What Eric noticed was that characters to the left of it and the characters to the right of it all have 13 residual strokes, which strongly suggests that T7-496B should also have 13 residual strokes, and not 7 seven residual strokes as shown here. That is to say, it is looking more and more likely that T7-496B should in fact be the Taiwan source reference for U+27499 𧒙, and that U+272F0 𧋰 is a phantom character.

But it is probably too late to do anything about it now—if Taiwan were to change the source glyph and request a source reference correction for T7-496B (remapping to U+27499) that would leave U+272F0 an orphan, which is not a happy ending.



Addendum 2 [2007-12-16]

In the comments Matthew Fischer linked to a scanned copy of the official CNS 11643-1992 standard which does indeed show that the glyph for the character at Plane 7 Row 41 Col 75 (i.e.
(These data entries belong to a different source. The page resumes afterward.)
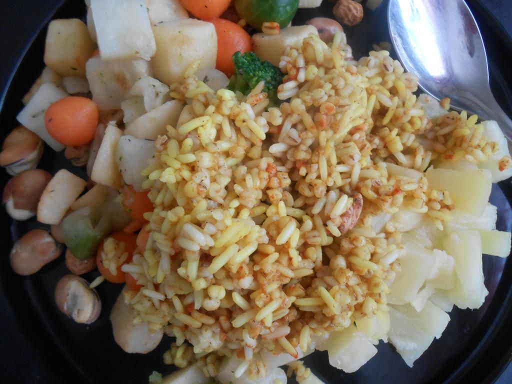 Tein reseptiin kuitenkin vähän muunnelmia, koska kaapissani ei ollut couscousia/bulguria, mutta jyväisää viljaa eli hirssiä kylläkin. Edellä mainitut ja kvinoa ovat mielestäni ihania kasvisruoan lisukkeita, ovat hyviä proteiinin- ja kuidunlähteitä ja pitävät kylläisenä, ainakin jos ovat täysjyvävaihtoehtoja.
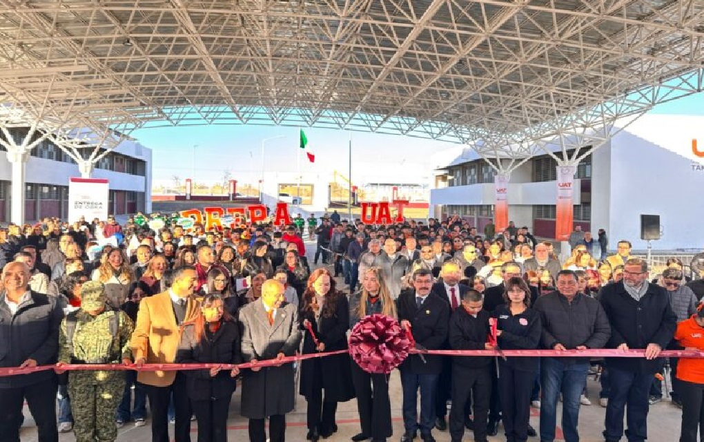 La entrega, realizada en el marco de apertura del ciclo escolar 2026-1 de la UAT, incluyó la techumbre monumental, diseñada para proteger a los estudiantes de las inclemencias del tiempo durante sus actividades al aire libre; así como el estacionamiento, destinado a mejorar la movilidad y el orden dentro del plantel.
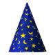 Dress for any magical occasion with these custom Witches and Wizards party hats! The design features a deep blue galaxy backdrop and is decorated with yellow stars. You can customize these hats!
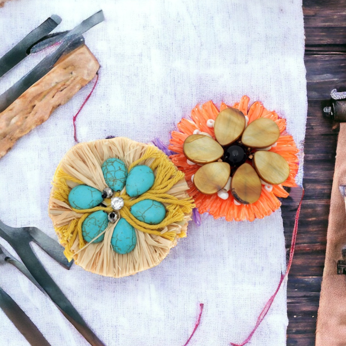 Ψάθινο λουλούδι με διακοσμητικές χάντρες.
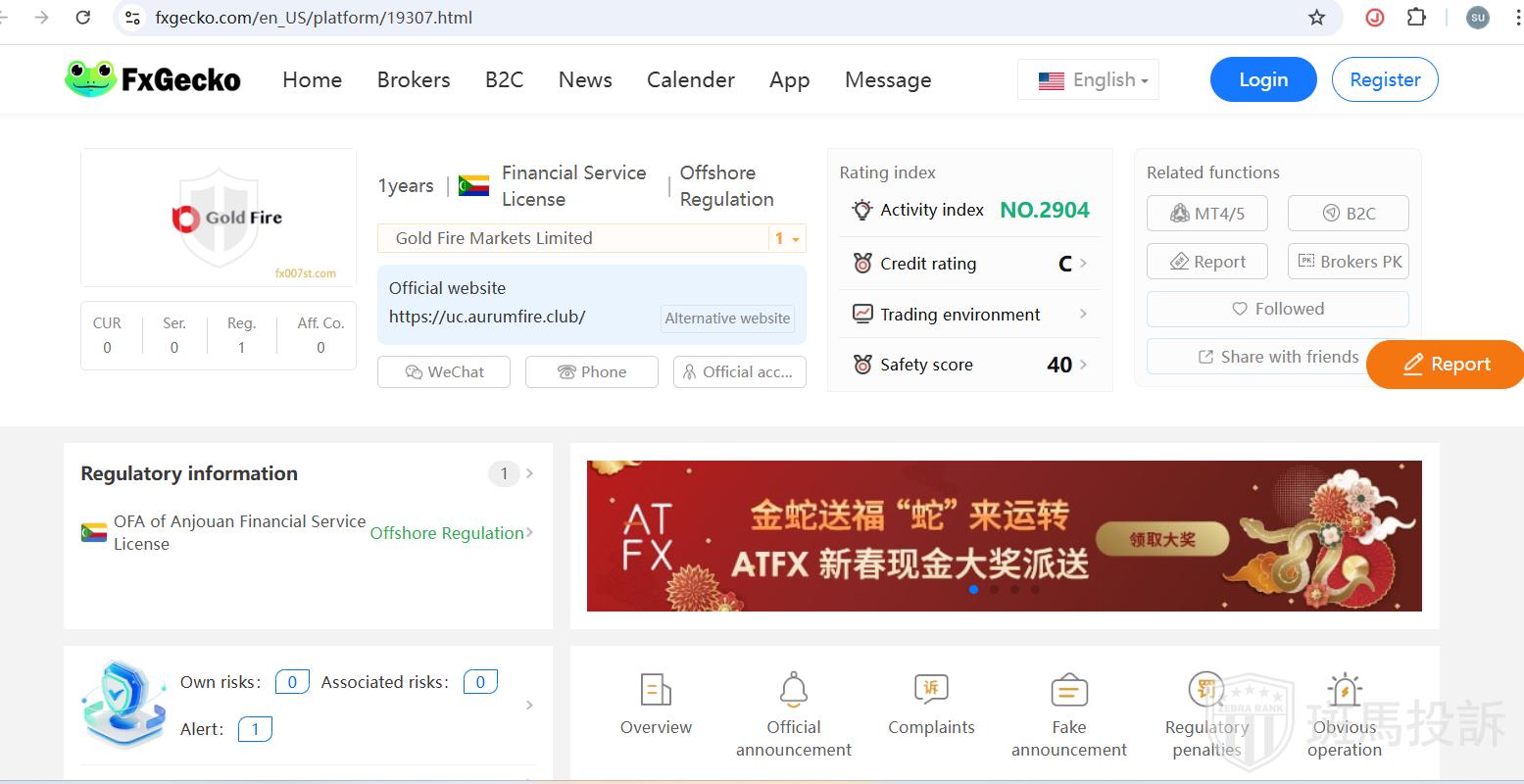 FTI has not received any complaints about Gold Fire forex broker at the moment.

T7-496B ) is identical to the glyph for U+27499:


CNS 11643 Plane 7 Row3 32-41 Columns 72-76 (the official version)


This pretty much clinches the argument I think.



Addendum 3 [2011-05-01]

In the Unicode 6.0 code charts, the glyph for T7-496B at U+272F0 has been changed to 19 strokes with a double 虫 radical, which is essentially the same as the glyph for GKX-1100.13 at U+27499, which in my opinion is not an ideal change :


 

However, in the code charts for the Final Committee Draft of ISO/IEC 10646:2012, which show what the Unicode 6.1 code charts will look like, a new Unicode source reference has been added to both U+272F0 and U+27499, one with a single 虫 radical and one with a double 虫 radical :


 

I'm not sure that this is a better solution, and I still think that the T7-496B source reference should be moved to U+27499.